NEAR Transparency Report: the State of Staking
As part of the Foundation’s commitment to transparency, each week it will publish data to help the NEAR community understand the health of the ecosystem. This will be on top of the quarterly report, and the now monthly funding reports.
This week, the Foundation is focusing on the state of staking in the NEAR ecosystem.
The state of staking, as of Friday 18th November 2022
At the time of writing, there is 469 million NEAR staked, which equates to approximately 42% of the total supply, or 56.5% of circulating supply.
The staking total is spread across 131 validators, which is up on last month’s total validator number of 126, a four percent increase in the decentralization of the network.
The seat price – the amount of NEAR required to be eligible for staking has fallen precipitously. From 100,000 NEAR in October to just 20,000 NEAR in November, this means securing the network has become more accessible than ever before. The Foundation expects the number of validators to grow significantly to approximately 300 by the end of this year, as NEAR Foundation starts to delegate to Stake Wars winning participants.
This will continue as the protocol deploys its roadmap. In 2023, for example, the number of validators will continue to climb to a maximum of 400. You can read more about the road map here.
Of the 131 validators, eight validators hold 33% of the total staked balance, representing 154 million $NEAR. A total of 15 validators, hold 50% of the total staked balance, and 116 validators hold the other 50% of the total NEAR available. A stake of 33% is the stake that can halt the network, according to Pikespeak.
To improve decentralisation, the Foundation, along with the ecosystem is continuing to improve the breadth and depth of the validators, and actively encourages stakeholders to delegate to validators outside the top 15.

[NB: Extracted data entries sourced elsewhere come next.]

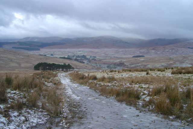 There is another dyke to guide the descent. The photo above is the view as I came out of the cloud; Dunool is on the left. There is a small burn to cross at the bottom then it’s only a few metres to the path. Unfortunately the path was very icy and there were three areas where it had flooded then frozen, but with thin ice overlying the icy water. I had to climb around these.
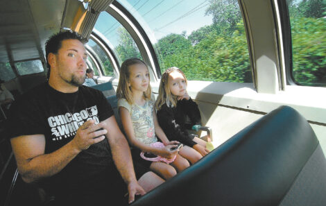 Rick Estlund, left, points ahead to remind his daughters Gabby, then 9, and Lexie, then 8, that they are about to cross the High Bridge over the Des Moines River while riding on the Union Pacific Operation Lifesaver Train. The family enjoyed the view from the Vista Dome observation car “Columbine.” Shortly before going onto the bridge, an excited Estlund told his daughters, “Here’s the bridge. I’m gonna bite my nails off.”
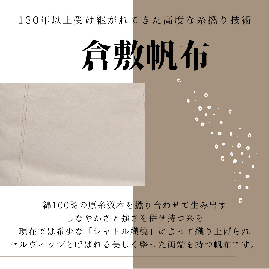 ■素材:倉敷帆布10号(パラフィンバイオ加工)×イタリアンヌメ牛革
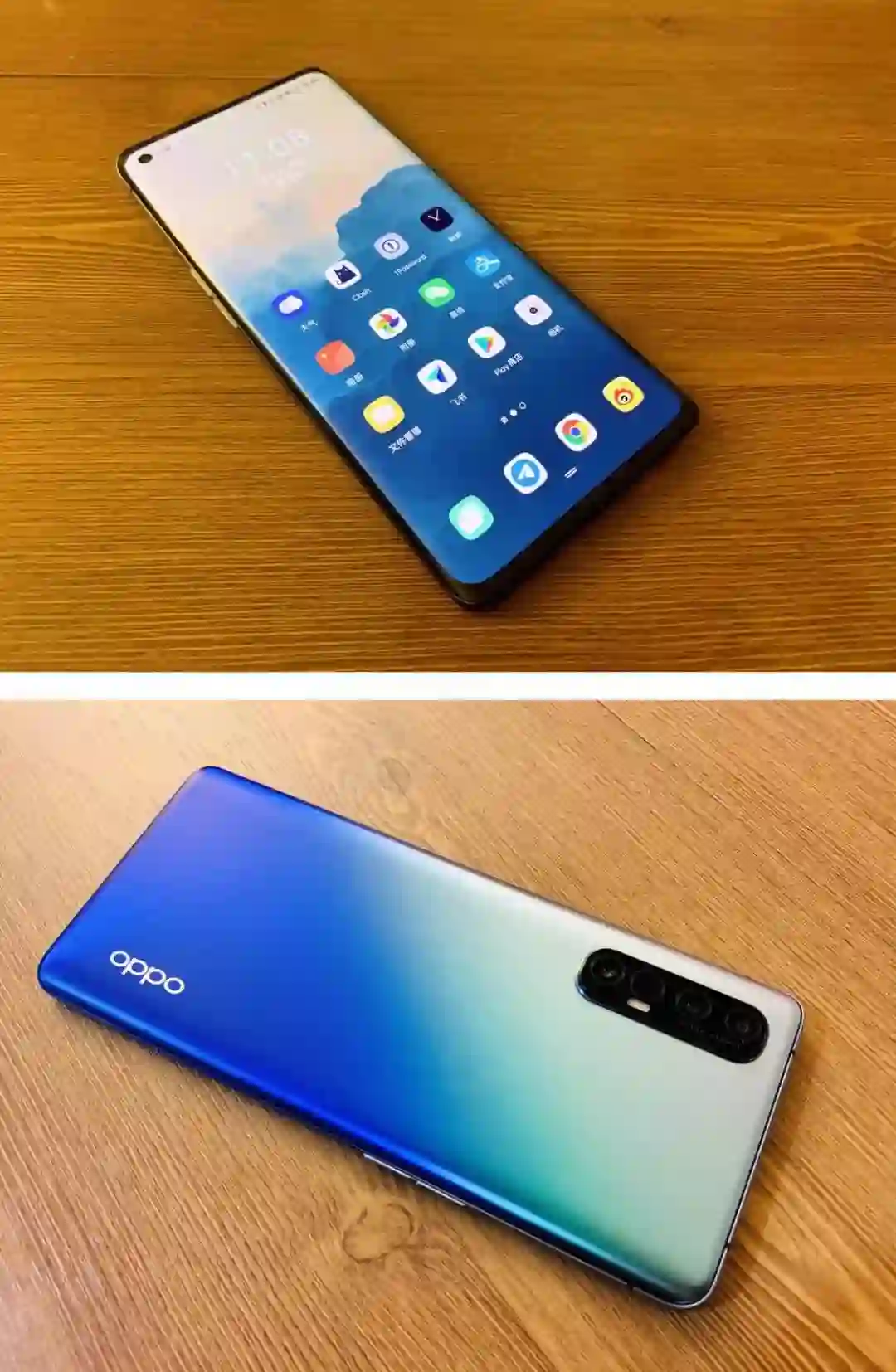 当我第一次拿起 Reno3 Pro 的时候,我还是熟练自如地发出了「Wow~」的声音,因为它实在是太轻了。由于我最近几个月都处于 iPhone XR(194g)+iQOO Pro 5G(217g)组合使用的状态下,所以面对 Reno3 Pro 171g 的重量,我的手臂真的得到了极大的释放。本次 Reno3 系列的外观舍弃掉了之前两代摄像头中置排列的竖条设计,而这个点在 Reno 一代发布会上官方花了很多时间来解释这个设计的意义,彻底舍弃了家族特征,这还是让我有点遗憾的。
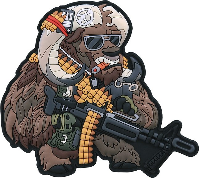 Nášivka z mäkkej gumy (na báze PVC) s 3D efektom. Každá farba je zvlášť tvarovaná (bez farbenia). Na zadnej strane sa nachádza suchý zips pomocou ktorého je možné upevniť nášivku na velcro panel na uniforme, veste, atď. Nášivka je trvanlivá - neláme sa, nebledne a nezoderie sa.

Why are validators important?
The NEAR network is decentralized, meaning that multiple people collaborate in order to keep it safe. We call such people validators.
In order to make sure that all the transactions in the network are valid, i.e. that nobody is trying to steal money, the validators follow a specific consensus mechanism.
Currently, there are a few well-known consensus mechanisms to keep a blockchain working correctly and resistant to attacks. NEAR Protocol uses a version of Proof-of-Stake, particularly Thresholded Proof of Stake.
In Proof-of-Stake, users show support to specific network validators by delegating NEAR tokens to them. This process is known as staking. The main idea is that, if a validator has a large amount of tokens delegated is because the community trusts them.
Validators have two main jobs. The first is to validate and execute transactions, aggregating them in the blocks that form the blockchain. Their second job is to oversee other validators, making sure no one produces an invalid block or creates an alternative chain (eg. with the goal of creating a double spend).
If a validator is caught misbehaving, then they get “slashed”, meaning that their stake (or part of it) is burned.
In the NEAR networks, an attempt to manipulate the chain would mean taking control over the majority of the validators at once, so that the malicious activity won’t be flagged. However, this would require putting a huge sum of capital at risk, since an unsuccessful attack would mean slashing your staked tokens.
Why is decentralization important?
Staking is not only about the rewards, it is the basis for security and stability of the NEAR Protocol. To avoid centralization, split your stake between smaller staking pools instead of putting everything in the largest one.
Community members like Zavodil Validator have created excellent alternatives to NEAR’s official explorer, embedding metadata from the active staking pools to help you choose which Validators to Stake with. Also, consider joining the #staking channel on https://near.chat and ask questions!
These reports will be published each week, and cover different aspects of the ecosystem.